Well it doesn't hurt to try it, we'll have to create the namespace anyway, and this a very minimal set of resources.
@dystewart wdyt?
This is what I was able to put together for deploying an HA cluster: https://github.com/larsks/opf-vault
Deploying like this means there's a bunch of post-install configuration (setting up auth providers, etc). I don't know if that's the same for the operator install as well; I'll have to take a look because I'm curious how it compares.
If this helps us get going sooner so we can start migrating from sops, I think we should go ahead and add the generated manifests to smaug and deploy it. Assuming, in the future switching to an operator does not require to once again alter our secrets (for instance the addition of new crds/etc.). WDYT @dystewart @larsks ?
Making good progress on this front using what @larsks put together https://github.com/larsks/opf-vault as inspiration/baseline. Currently putting together a working prototype in quicklab with external-secrets.
Awesome @dystewart keep us posted, feel free to throw a pr to the apps repo to add it to smaug when ready.
@larsks @HumairAK Here is the official way to auto-unseal the vault: https://learn.hashicorp.com/tutorials/vault/autounseal-transit?in=vault/auto-unseal The process is relatively straightforward but it requires creating another instance of vault to run the transit secrets engine so in theory it saves a bit of configuration once started at the expense of needing another pod.
I'm a little confused how you would go about initially interacting with this extra vault instance if it were not in "dev mode" (unsealed and initialized by default) without manually unsealing this instance. And everywhere in the Hashicorp docs where a dev mode Vault is used there are warnings to never use it in production. So as far as I can tell if you wanted to do this with a non dev mode vault instance you'd need to initialize it and unseal using the shamir keys method. In other words it sounds like using auto unseal adds some extra unnecessary steps. Wdyt?
I have successfully deployed an H.A instance of vault with 3 pods in a dev cluster. I've also installed the external-secrets operator via OLM, and deployed an instance of external-secrets with said operator.
Next steps are involving some self teaching of the different vault authentication methods and how to get the integration with external-secrets right.
So as far as I can tell if you wanted to do this with a non dev mode vault instance you'd need to initialize it and unseal using the shamir keys method. In other words it sounds like using auto unseal adds some extra unnecessary steps. Wdyt?
I think if we were deploying multiple vaults (e.g., with a master vault on the infra cluster and then additional vaults in our managed clusters) that maybe we could use the infra vault to auto-unseal the others, but I don't think that's a high priority right now.
I've finally gotten a working instance of high availability vault with Raft storage back-end and external-secrets in the dev cluster. Admittedly, actual configuration and initialization of the vault is a bit cumbersome but in all it has helped to understand some of the confusions of Vault.
So basically what we need to do to get Vault ready for use with external-secrets is:
Vault deployment and config
- Init the `vault-0` pod (This will return 5 unseal keys and the Vault root token)

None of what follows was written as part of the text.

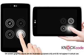 Dễ dàng mở khóa màn hình bằng cách gõ từ 2 đến 8 lần tùy thích theo những thứ tự định sẵn, đây là tiện ích bảo mật mới nhất của LG với tên gọi Knock Code. Có tới hơn 86,000 cách mở khóa khác nhau, nên tính bảo mật rất cao. |

`$ oc exec -ti vault-0 -- vault operator init
Unseal Key 1: mxzvxTJfR0uGFjWZUh4iaqLJ+nAX7MtJ61hmbFr3+b42
Unseal Key 2: guirGUxD1ZUhWrkRfSLHc1purWSjBiqeFuuUU9wTKUgm
Unseal Key 3: 4uWJ8Lt2930JefCHO3R5oudzu67U3/TQh0KvcTu10fub
Unseal Key 4: CeRpXSdihfZrW4lsQKFh1dAGy+YatR5IbCLTY+8c7bxk
Unseal Key 5: nphsBm8He4QfkWzgIpLDUUu2h20NxcJwIz0QeicsJ/72
Initial Root Token: s.4wZXDrE5WlPNli7Zh8EOTNAB
Vault initialized with 5 key shares and a key threshold of 3. Please securely
distribute the key shares printed above. When the Vault is re-sealed,
restarted, or stopped, you must supply at least 3 of these keys to unseal it
before it can start servicing requests.
Vault does not store the generated master key. Without at least 3 keys to
reconstruct the master key, Vault will remain permanently sealed!
Unseal vault-0
pod (You need to provide 3 of the 5 unseal keys to unseal this pod)
oc exec -ti vault-0 -- vault operator unseal
With Vault-0 unsealed we can join vault-1
with Raft
oc exec -ti vault-1 -- vault operator raft join http://vault-0.vault-internal:8200
With vault-1 joined next we unseal it
oc exec -ti vault-1 -- vault operator unseal
(You need to provide 3 of the 5 unseal keys to unseal this pod)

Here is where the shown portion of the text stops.